In Germany, many companies have resorted to utilizing temp workers through a third-party agency instead of hiring their own personnel. Temp workers typically are leased from an agency that employs the temps and assigns them to the company (lessee). This staffing model has increasingly received political criticism and judicial attention.
An area of particular concern is that some companies utilize temp workers “permanently” in order to replace parts of their regular workforce. For example, the lessee company may not agree with the agency and the temp on a defined term of the lease. Companies might seek permanently to use temp workers for staffing their reception area or IT department and thereby reduce costs instead of hiring their own staff. After an amendment to the legislation governing temp work, these companies faced the risk that the temp workers they permanently lease would be deemed their own staff.
In 2011, the German Parliament amended the law regulating the temp workers’ sector—the German Act on Temp Workers (AÜG). The AÜG expressly provides that the leasing of temp workers must be “temporarily” in order to be lawful under the AÜG with the consequence that the leasing arrangement regarding a temp must be agreed to for a defined period (e.g. twelve months). However, the AÜG was not clear in identifying how to determine when, or the consequences to an employer, for a worker leased “temporarily” versus one who was leased “permanent”.
Some Higher Labor Courts (e.g. the Higher Labor Court Baden-Württemberg) ordered that a temp worker who is permanently assigned to the lessee (i.e. not temporarily, or for a defined period only) becomes an own employee of the lessee. According to the Court, the AÜG’s purpose is to only allow a temporary placement of temp workers, and an assignment of a temp worker in conflict with this purpose would result in the temp worker becoming an employee of the lessee.
Other Higher Labor Courts (e.g. Berlin-Brandenburg) rejected this view. They concluded that such strict sanction cannot be derived from violating the AÜG.
On December 10, 2013, the Federal Labor Court (case no. 9 AZR 51/13) ruled that no employment relationship is established when a temp worker’s assignment to the lessee is not temporary. The highest German labor court argued that in absence of an express sanction in the AÜG, the labor courts has no competence to “impose” the fiction of an employment relationship to companies leasing temp workers permanently. According to the judgment, it is solely up to the legislature, either on the EU level or on a national level, to implement such a harsh consequence into the law.

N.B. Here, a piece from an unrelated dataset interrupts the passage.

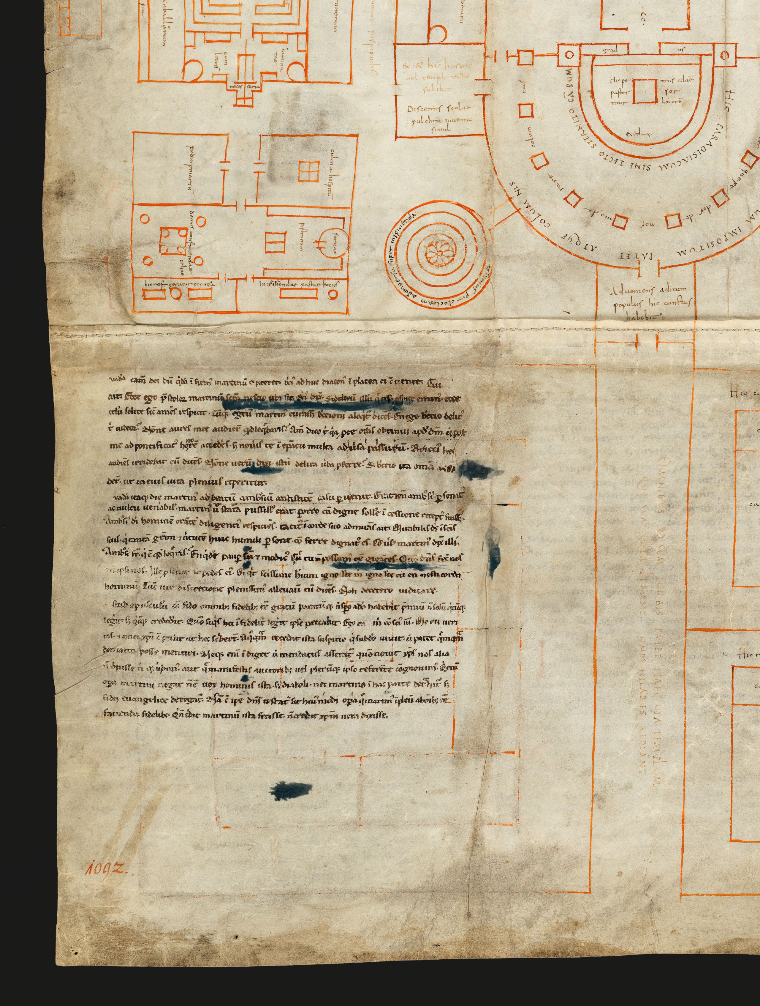 Im 13. Jahrhundert benutzte ein St. Galler Mönch die Rückseite des zu jener Zeit bereits fast 400 Jahre alten Klosterplans um die Vita des heiligen Martins aufzuschreiben. Sie hatte nicht vollständig Platz, also musste für den letzten Teil die Vorderseite hinhalten. Eine Stelle wurde also mit einem Messer freigekratzt. Die Fuktion des weggekratzten Gebäudes ist bis heute unbekannt.
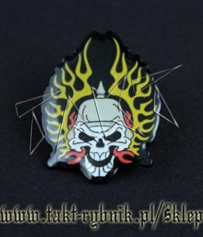 Przypinka metalowa kolorowa lakierowana. Mocowana poprzez przebicie materiału i założenie zabezpieczenia.

The recent judgment of the Federal Labor Court creates clarity and certainty for the sector of temp work. For now, under AUG, companies utilizing temp workers permanently will not be deemed their employer. However, the new German Federal Government has already announced that it intends to amend the AÜG by allowing temp work only for up to 18 months. It is well possible that express sanctions for the permanent leasing of temp workers will find its way into amendments to the AÜG.